Douglas’s determination to reform the New York Stock Exchange by persuading it “to trade its private-club traditions for professional management and clear safeguards for public investors” faced implacable opposition. Its most formidable foe was Dick Whitney, who, even after he stepped down as NYSE president after five years in 1935, continued to exert a powerful influence over its members, particularly among the intransigent old guard. “Tall, a bit beefy but impeccably dressed, he still moved with the grace of the Ivy League athlete he once was,” Henriques writes.
Despite his social status and membership in one of America’s most prominent families, Whitney had been embezzling millions for years from his own bankrupt company, a turn of events that only reinforced the need for government regulation. The two chapters detailing Whitney’s downfall read like a thriller. Whitney is not only charged and sent to prison for his crimes but found no supporters among the NYSE’s members: “There was no mercy in this room for the man who made their long crusade against federal regulation look like the self-serving maneuvers of a common thief.”
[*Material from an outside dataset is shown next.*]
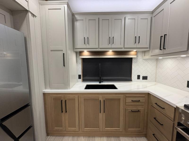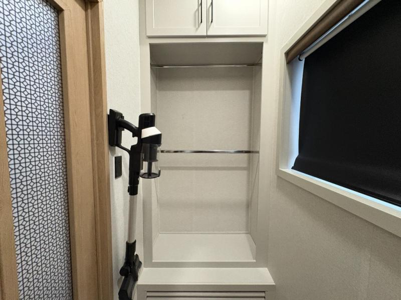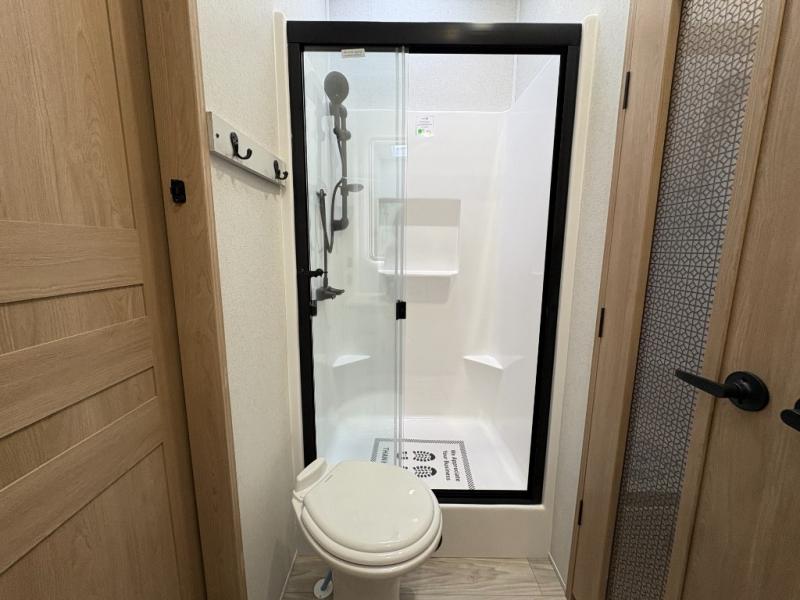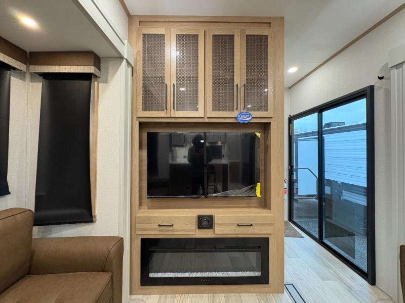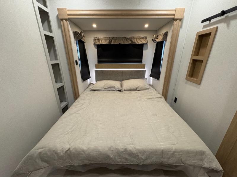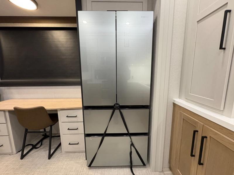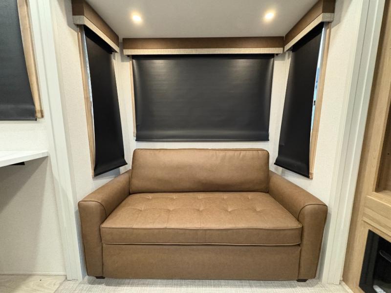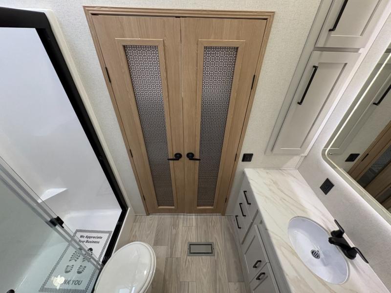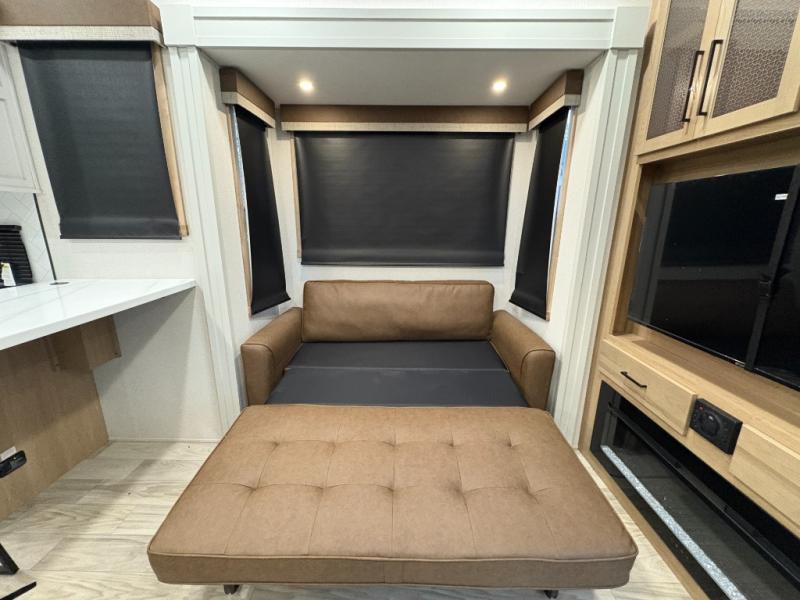 One look at this destination trailer and you'll be sold! You'll love waking up each morning in the master bedroom with a king bed slide out, dual nightstands, and a dresser to keep clothes organized. There is also a spacious front bathroom with a walk-in closet! As you walk to the main living area, you'll find the half bath with washer and dryer prep if you plan to add these appliances. A tri-fold hide-a-bed sofa and theater seating in the living area will let you relax each day, and the bar with stools overlooks the kitchen so you can visit with the chef while dinner is being made.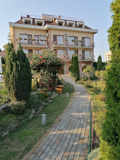 Как только впервые увидела фотографии этого отеля в интернете, сразу поняла, что хочу только туда. Первое впечатление не подвело. Отель чудесный! Да я и отелем его назвать не могу. Всю неделю отдыха нас не покидало ощущение, что мы в гостях у близких друзей или родственников. А иногда и вовсе думалось, что это наша собственная дача. Тишина, покой, беспрерывное воркование птичьего зоопарка и просто волшебный сад. Конечно, нам немного повезло. Самое начало июня, еще прохладно и мало отдыхающих. Когда мы приехали, в отеле была только большая и громкая румынская семья. Четверо детей беспрерывно галдели у бассейна и в саду. Но когда они уходили на море, мы просто плавились от блаженства. А когда они уехали мы остались в отеле только с двумя русскими женщинами и их маленьким ребенком. Вот тогда и пришло полное ощущение, что мы дома. Кстати, многие пишут, что этот отель очень хорош для детей. Я бы поспорила. Отельчик очень маленький, камерный и присутствие даже одного ребенка разрушает всю прелесть и очарование. Никто из любящих свое чадо родителей не задумывается о том, каково всем остальным рядом с их неугомонным пупсиком. И спрятаться негде, и такое ощущение что чужой ребенок уже живет в твоем номере. Подумайте об этом, дорогие родители, попробуйте уважать своих соседей! Хочется сказать несколько слов о хозяйке. Елена - это вечный двигатель, который везет на своих плечах весь бизнес. Ни одна даже самая мельчайшая деталь не ускользает от её цепкого глаза. Она все время на посту. Когда она спит и спит ли вообще? Отдыхает она зимой, когда в пустом отеле вышивает прекрасные гобелены, которыми увешаны все стены. На прощанье и нам была подарена чудесная вышивка-розочка. Теперь стоит у нас на трюмо в спальне и напоминает о гостеприимной Болгарии и о чудесных розах в саду Елены. ||Приехали мы поздно вечером, о чем заранее предупредили хозяев. Нас ждали, приготовили для нас номер на втором этаже. А мы захотели на третий. Елена не выказала никакого недовольства. Просто попросила подождать 5 минут. Пока мы вытаскивали из машины багаж, все уже было готово для нас. В номере было чисто и уютно. А на столике ждали тарелка черешни из собственного сада и бутылочка белого вина. Это было так трогательно и так приятно! Спасибо!||Был оплачен завтрак, но мы на него так ни разу и не попали, так как любим подольше поспать. Елену это немного расстраивало, но она была благосклонна к нашей лени. В номере было почти все необходимое - кондиционер, телевизор, очень хороший wi-fi, холодильник, балкон с москитной сеткой и со столиком-стульями. В отеле предусмотрена гладильная комната - очень удобно. Из минусов отмечу следующее: 1. повсеместный болгарский прикол - отсутствие душевой кабины (вода просто течет на пол, забрызгивая все вокруг, как-то не комфортно); 2. тоже общеболгарское слабое место отсутствие темных штор на окнах, с 5 утра невозможно спать; 3 - отсутствие фена. Все остальное на должном уровне. Сам курорт св. Константин и Елена навевает легкую грусть, кругом видно запустение, нет никакого обновления, нет твердой руки. Всё как было построено в советское время, так и стоит. В принципе, разрушается... Нет никакой инфраструктуры, которая есть на всех других курортах. Несколько ресторанчиков, пара магазинчиков, в принципе плохой пляж...Если бы не ностальгия по советским временам, понять т

It is fitting that Henriques concludes her tale with Whitney’s undoing at the end of Roosevelt’s second term. His ruin is a bold marker in the administration’s fruitful attempts to regulate an intractable Wall Street. “Dick Whitney’s final gift to the New Deal was his confession,” she summarizes. “Whitney’s arrogant candor helped peel away any illusions that the public have had about the ability of Wall Street to police itself or its most powerful players.” Henriques’s triumph is her ability to narrate with drama and verve the early days of the Securities and Exchange Commission, a 90-year-old institution whose rules we now take for granted. It’s also a reminder that regulators and those looking to protect investors and keep the markets fair and transparent need the full support of presidents like Roosevelt, warriors like Douglas, and sly insiders like Kennedy—not to mention fraudsters like Dick Whitney (and their modern-day equivalents like Sam Bankman-Fried), whose contempt for regulation end up only reinforcing its urgency.